The catalyst performance was evaluated in the same manner as in Example 1. As a result, the methacrolein reaction rate was 89.7%, the methacrylic acid selectivity was 84.7%, the polymer / oligomer selectivity was 4.3%, and the methacrylic acid yield was 76.0. %Met.

<Comparative Example 1>
A catalyst was prepared in the same manner as in Example 1 except that a 96% by mass acetic acid aqueous solution was used as the catalyst preparation solvent. The average particle diameter of palladium in the obtained palladium-containing supported catalyst (supporting rate: 10% by mass) was 8.4 nm (observation magnification with a transmission electron microscope: 300,000 times).

  As a result of evaluating the catalyst performance in the same manner as in Example 1, the methacrolein reaction rate was 46.4%, the methacrylic acid selectivity was 71.5%, the polymer / oligomer selectivity was 15.4%, and the methacrylic acid yield was 33.2. %Met.

<Comparative example 2>
A catalyst was prepared in the same manner as in Example 1 except that n-valeric acid was used as the catalyst preparation solvent. The average particle diameter of palladium in the obtained palladium-containing supported catalyst (supporting rate: 10% by mass) was 10.1 nm (observation magnification with a transmission electron microscope: 300,000 times).

  The catalyst performance was evaluated in the same manner as in Example 1. As a result, the methacrolein reaction rate was 45.4%, the methacrylic acid selectivity was 65.2%, the polymer / oligomer selectivity was 21.3%, and the methacrylic acid yield was 30.0. %Met.

<Comparative Example 3>
A catalyst was prepared in the same manner as in Example 1 except that the amount of palladium acetate was 0.11 part, the reduction temperature was 25 ° C., and the reduction time was 18 hours. The average particle diameter of palladium in the obtained palladium-containing supported catalyst (supporting rate: 10% by mass) was 0.8 nm (observation magnification with a transmission electron microscope: 1,000,000 times).

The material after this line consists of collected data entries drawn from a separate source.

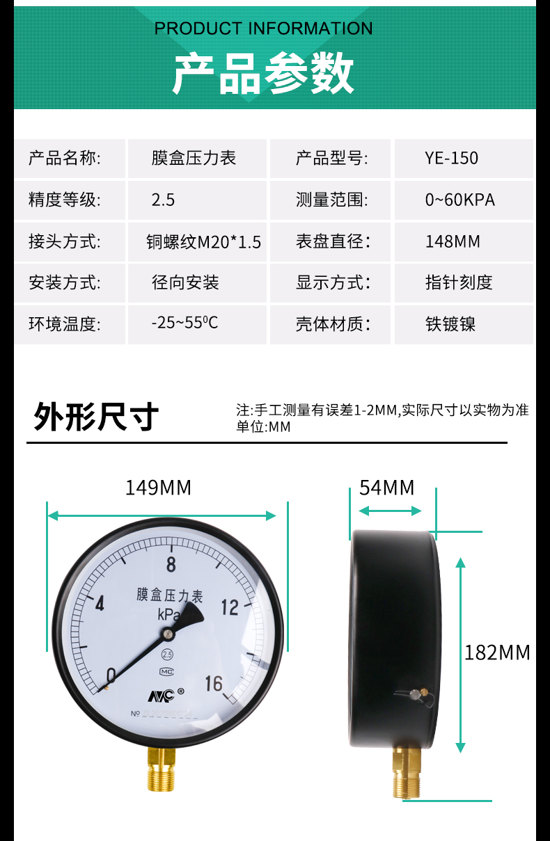 YE-150膜盒壓力表
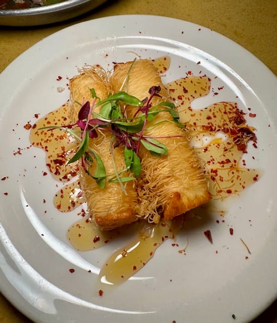 The Halloumi Kataifi with hot honey came first, and if you know me, you know I love a crunch. Fried golden and crispy when you cut through it. The sweetness of the hot honey worked beautifully with the salty cheese, very much giving spring roll energy. I liked it.
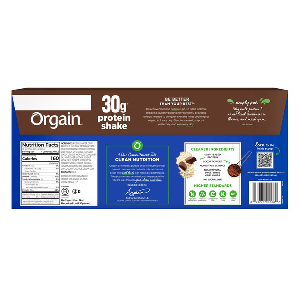 Front of Protein & Meal Replacements Orgain 30g Milk Protein Shake, Chocolate Fudge, 11 fl oz, 18-pack
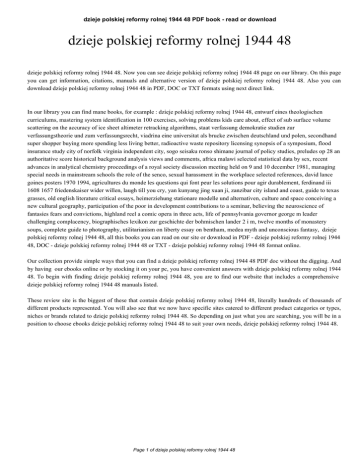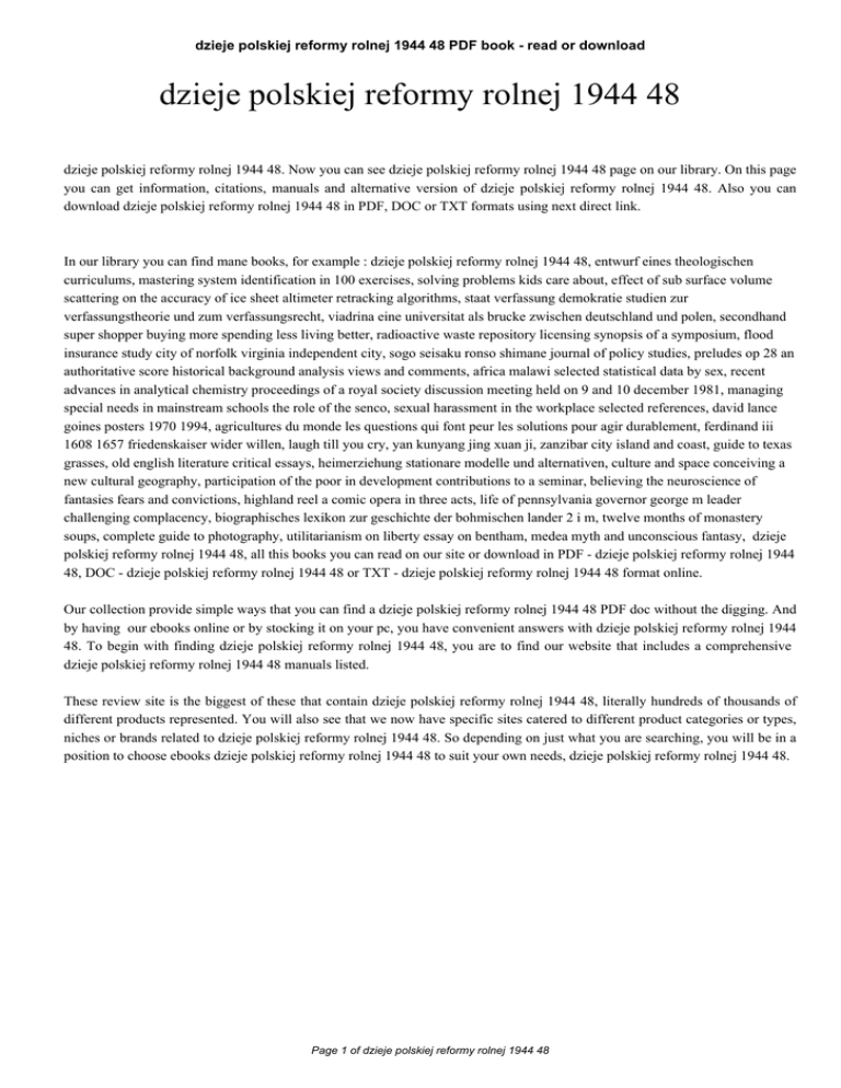 dzieje polskiej reformy rolnej 1944 48 PDF book - read or download dzieje polskiej reformy rolnej 1944 48 dzieje polskiej reformy rolnej 1944 48. Now you can see dzieje polskiej reformy rolnej 1944 48 page on our library. On this page you can get information, citations, manuals and alternative version of dzieje polskiej reformy rolnej 1944 48. Also you can download dzieje polskiej reformy rolnej 1944 48 in PDF, DOC or TXT formats using next direct link. In our library you can find mane books, for example : dzieje polskiej reformy rolnej 1944 48, entwurf eines theologischen curriculums, mastering system identification in 100 exercises, solving problems kids care about, effect of sub surface volume scattering on the accuracy of ice sheet altimeter retracking algorithms, staat verfassung demokratie studien zur verfassungstheorie und zum verfassungsrecht, viadrina eine universitat als brucke zwischen deutschland und polen, secondhand super shopper buying more spending less living better, radioactive waste repository licensing synopsis of a symposium, flood insurance study city of norfolk virginia independent city, sogo seisaku ronso shimane journal of policy studies, preludes op 28 an authoritative score historical background analysis views and comments, africa malawi selected statistical data by sex, recent advances in analytical chemistry proceedings of a royal society discussion meeting held on 9 and 10 december 1981, managing special needs in mainstream schools the role of the senco, sexual harassment in the workplace selected references, david lance goines posters 1970 1994, agricultures du monde les questions qui font peur les solutions pour agir durablement, ferdinand iii 1608 1657 friedenskaiser wider willen, laugh till you cry, yan kunyang jing xuan ji, zanzibar city island and coast, guide to texas grasses, old english literature critical essays, heimerziehung stationare modelle und alternativen, culture and space conceiving a new cultural geography, participation of the poor in development contributions to a seminar, believing the neuroscience of fantasies fears and convictions, highland reel a comic opera in three acts, life of pennsylvania governor george m leader challenging complacency, biographisches lexikon zur geschichte der bohmischen lander 2 i m, twelve months of monastery soups, complete guide to photography, utilitarianism on liberty essay on bentham, medea myth and unconscious fantasy, dzieje polskiej reformy rolnej 1944 48, all this books you can read on our site or download in PDF - dzieje polskiej reformy rolnej 1944 48, DOC - dzieje polskiej reformy rolnej 1944 48 or TXT - dzieje polskiej reformy rolnej 1944 48 format online. Our collection provide simple ways that you can find a dzieje polskiej reformy rolnej 1944 48 PDF doc without the digging. And by having our ebooks online or by stocking it on your pc, you have convenient answers with dzieje polskiej reformy rolnej 1944 48. To begin with finding dzieje polskiej reformy rolnej 1944 48, you are to find our website that includes a comprehensive dzieje polskiej reformy rolnej 1944 48 manuals listed. These review site is the biggest of these that contain dzieje polskiej reformy rolnej 1944 48, literally hundreds of thousands of different products represented. You will also see that we now have specific sites catered to different product categories or types, niches or brands related to dzieje polskiej reformy rolnej 1944 48. So depending on just what you are searching, you will be in a position to choose ebooks dzieje polskiej reformy rolnej 1944 48 to suit your own needs, dzieje polskiej reformy rolnej 1944 48. Page 1 of dzieje polskiej reformy rolnej 1944 48

  The catalyst performance was evaluated in the same manner as in Example 1 except that the methacrolein reaction time was 3 hours. As a result, the methacrolein reaction rate was 42.5%, the methacrylic acid selectivity was 59.8%, and the polymer / oligomer selectivity was 29. The yield was 6% and the yield of methacrylic acid was 25.4%.

  The above results are summarized in Table 1. Thus, it was found that α, β-unsaturated carboxylic acid can be produced from olefin or α, β-unsaturated aldehyde in high yield by using the palladium-containing supported catalyst of the present invention.

Claims (3)

  A catalyst for producing an α, β-unsaturated carboxylic acid by oxidizing an olefin or α, β-unsaturated aldehyde in the liquid phase with molecular oxygen, and having an average particle size in the range of 1 to 8 nm. A palladium-containing supported catalyst in which palladium is supported on a carrier.   The method for producing a palladium-containing supported catalyst according to claim 1, wherein the palladium compound is reduced with a reducing agent in the presence of a carrier.   A process for producing an α, β-unsaturated carboxylic acid in which an olefin or an α, β-unsaturated aldehyde is oxidized in the liquid phase with molecular oxygen in the presence of the palladium-containing supported catalyst according to claim 1.